While sometimes I get the desired scoring, other times the results are inconsistent or not aligned with the guidelines I’ve given. Currently, I’m solely relying on the prompt to instruct the bot on the scoring method. Apart from the prompt, are there other ways or methods to make the model strictly follow the scoring rules? I also have set the temp to 0 so its as strict as it can be temperature wise

Any suggestions or experiences shared would be highly appreciated. Thanks in advance!

anon34024923 · October 26, 2023, 6:37pm

Its an interesting read for sure but I don’t think it helps me in my current situation

anon22939549 · October 26, 2023, 7:58pm

I believe the dataset is public, so you could consider fine-tuning your own model or just using their released model as it’s small enough to run locally on most recent consumer GPUs.

If the performance improvement scales nicely to gpt-3.5-turbo, it would result in a tremendously powerful evaluator.

Diet · October 26, 2023, 8:05pm

Here are my thoughts on the topic:

LLMs are not calculators. It’s not a good idea to use them as such. If you’re counting incidences, it would be better to get the LLM to highlight stuff and then sum it programmatically
For completely subjective measures, it’s often unlikely that you’ll get similar responses even from humans. So it’s unlikely that you’ll manage to tune the prompt to give you the results that you personally expect. If you work in psychology, you probably know about methods such as the likert-type scale. I think you can treat the LLM like you would a human you don’t know with value structures you can’t control, in this case. Set up differential questions, and then normalize the scores afterward. It’ll probably be more robust in any case, because the uncontrolled context was likely going to throw off your raw scores anyways.

hth, lmk

anon34024923 · October 26, 2023, 8:10pm

I googled “Prometheus AI” but can’t find anything on it

anon34024923 · October 26, 2023, 8:15pm

Although this brings up a good point

Are there places i can find public data sets for fine-tuning?

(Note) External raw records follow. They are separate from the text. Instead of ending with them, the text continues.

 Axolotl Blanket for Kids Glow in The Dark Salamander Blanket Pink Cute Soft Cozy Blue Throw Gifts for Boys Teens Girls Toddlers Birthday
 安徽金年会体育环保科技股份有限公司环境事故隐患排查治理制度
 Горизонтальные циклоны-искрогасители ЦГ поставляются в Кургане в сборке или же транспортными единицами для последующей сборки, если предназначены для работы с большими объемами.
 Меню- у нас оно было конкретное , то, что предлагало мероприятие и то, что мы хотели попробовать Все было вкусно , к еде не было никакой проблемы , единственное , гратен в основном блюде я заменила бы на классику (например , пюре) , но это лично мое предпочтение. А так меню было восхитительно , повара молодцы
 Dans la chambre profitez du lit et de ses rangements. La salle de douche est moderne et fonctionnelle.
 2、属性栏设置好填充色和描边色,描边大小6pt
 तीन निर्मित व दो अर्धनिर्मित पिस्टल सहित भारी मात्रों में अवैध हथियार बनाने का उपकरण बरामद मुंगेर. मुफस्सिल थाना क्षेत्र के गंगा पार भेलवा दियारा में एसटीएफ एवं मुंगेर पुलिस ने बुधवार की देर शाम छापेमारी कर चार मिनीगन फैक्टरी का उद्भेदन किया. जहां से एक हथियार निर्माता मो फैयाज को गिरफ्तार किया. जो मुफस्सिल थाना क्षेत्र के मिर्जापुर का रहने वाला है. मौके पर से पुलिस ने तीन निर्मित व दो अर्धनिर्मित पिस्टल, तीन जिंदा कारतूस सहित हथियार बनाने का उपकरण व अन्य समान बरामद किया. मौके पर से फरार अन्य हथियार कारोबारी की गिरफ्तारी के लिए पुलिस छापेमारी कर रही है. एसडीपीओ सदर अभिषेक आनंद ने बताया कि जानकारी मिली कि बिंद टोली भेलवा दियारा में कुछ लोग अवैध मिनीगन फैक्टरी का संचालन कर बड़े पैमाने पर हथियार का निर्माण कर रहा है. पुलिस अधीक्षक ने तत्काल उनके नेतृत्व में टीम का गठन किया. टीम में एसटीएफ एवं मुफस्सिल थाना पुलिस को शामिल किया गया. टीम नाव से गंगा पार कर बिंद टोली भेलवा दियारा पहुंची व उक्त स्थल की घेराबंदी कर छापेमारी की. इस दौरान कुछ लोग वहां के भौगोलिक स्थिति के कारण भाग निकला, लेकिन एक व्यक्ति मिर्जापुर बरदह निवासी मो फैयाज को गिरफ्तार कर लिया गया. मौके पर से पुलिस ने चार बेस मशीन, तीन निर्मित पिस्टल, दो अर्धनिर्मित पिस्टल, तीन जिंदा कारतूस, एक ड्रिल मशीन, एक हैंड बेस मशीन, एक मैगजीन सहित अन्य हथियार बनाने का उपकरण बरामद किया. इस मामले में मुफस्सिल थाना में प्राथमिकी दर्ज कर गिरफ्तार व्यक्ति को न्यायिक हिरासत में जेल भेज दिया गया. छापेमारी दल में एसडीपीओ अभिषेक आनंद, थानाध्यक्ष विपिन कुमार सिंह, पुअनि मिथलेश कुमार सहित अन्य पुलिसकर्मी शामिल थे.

Can you point me where to find the Prometheus AI data set?

EDIT:

I see it is here. would I just use the sample_train_data.json file to finetune?

EDIT 2: Thats not in JSONL though… hmm

lachie1 · October 26, 2023, 11:04pm

I agree with @Diet here. For now, the best cause would be to pass the transcript to your own code that can score it. Python has plenty of libraries that are capable of this.

_j · October 26, 2023, 11:35pm

Producing an analysis score at the end by solely AI hidden layer “reading” is a big ask. You are relying on the instruction prompt and a passage of text to influence the likelihood that you get a token value of “5” or “05” or “6” or “\n\nI’m, sorry”.

For a particular case of “measuring romantic entanglements”, I could see a case where the output that then can be better analyzed as final step:

You analyze text to discover passages indicating interpersonal relationships, and then score that passage in two categories.

Instructions:
From the text passage given, extract rows into a markdown table with these columns:

column 1: each short passage or sentence that indicates a tie of friendly or romantic relationship.

column 2: AI score of friendly familiarity expressed between two people

column 3: AI score of romantic relationship existing or desired

Finally, produce a summary with the total scores of columns.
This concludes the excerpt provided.